We have some improvements to chemical names in the latest NameLookup (currently in Prod), but the way in which we do drug conflation prefers the drug name instead of the brand name (which is what @Genomewide found last year as well). I think that is what we want (see e.g. https://github.com/NCATSTranslator/Feedback/issues/461), but if not, there are some things we could do (in increasing order of difficulty):

  1. Use the Annotator Service to pull up the brand name of the drug.
  2. Try to identify the best brand name in the list of synonyms (possibly just by preferring DrugCentral or RXCUI labels, but more likely we'll have to dig deeper into RXCUI to find the brand name) and include that either instead of or in addition to the Drug name.
  3. Try to engineer conflations such that every drug shows up at least twice: a biolink:ChemicalEntity term that refers to the drug name (e.g. "acetaminophen") and a biolink:Drug term that refers to a brand name (e.g. "Tylenol"), then make sure that they conflate together with drug-chemical conflation turned on.

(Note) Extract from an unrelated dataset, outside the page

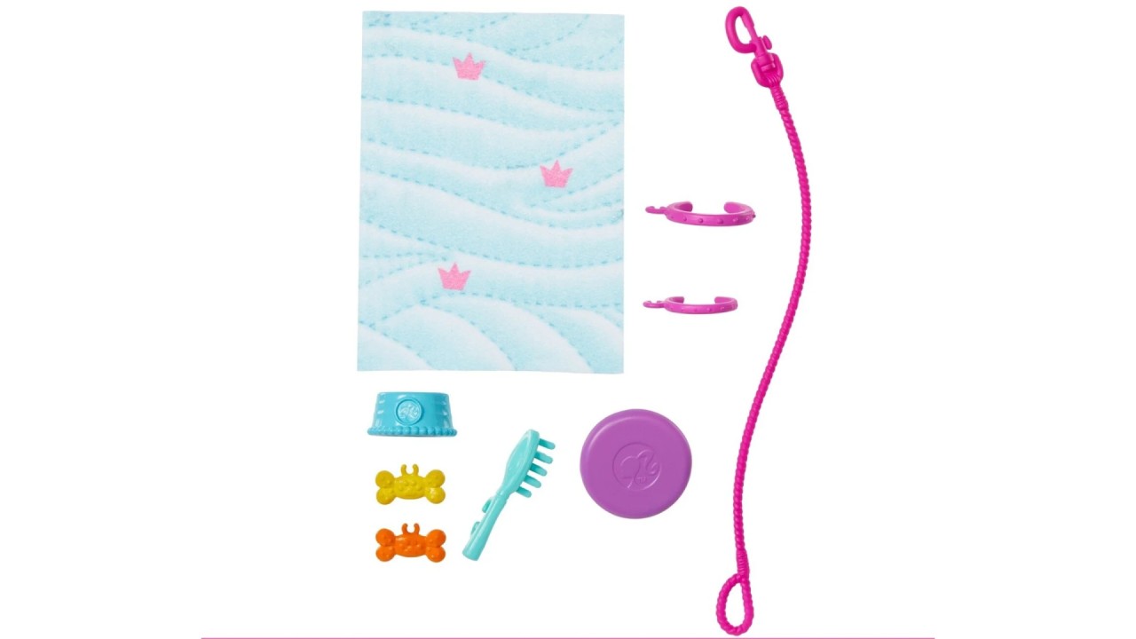 The set includes pet accessories, including a leash that can be attached to the doll's hands, a food bowl, a pet bed and delicious bone treats.

We should be able to come up with a plan for what exactly we want here by Guppy, but I'm not sure how much beyond that it will take to implement the technical solution to the problem that we come up with.

sstemann commented 2 months ago

was there a change that is included in Guppy? I can't tell what it would be, and it seems to behave the same as it ever was in CI

image

gaurav commented 2 months ago

I wasn't able to meet up with UI to come up with a plan during this sprint, but I was able to extend NameRes' type filtering so that you can now search for multiple Biolink types at once, which would allow UI to allow e.g. biolink:Drug or biolink:SmallMolecule or biolink:MolecularMixture. So we can at least play around with options for broadening this without messing up around with the cliques or anything. I'll see if I can organize a meeting with UI over the next Translator Relay to think about options for fixing this fully in Hammerhead.

sstemann commented 1 week ago

@gaurav it looks like the same behavior in Hammerhead in Test. @dnsmith124 are there changes expected from the UI to address this in the UI's Hammerhead release?

image

image

dnsmith124 commented 1 week ago

@sstemann we do not currently have plans to make any changes here for Hammerhead, though we can shift our priorities to make a change if we need to.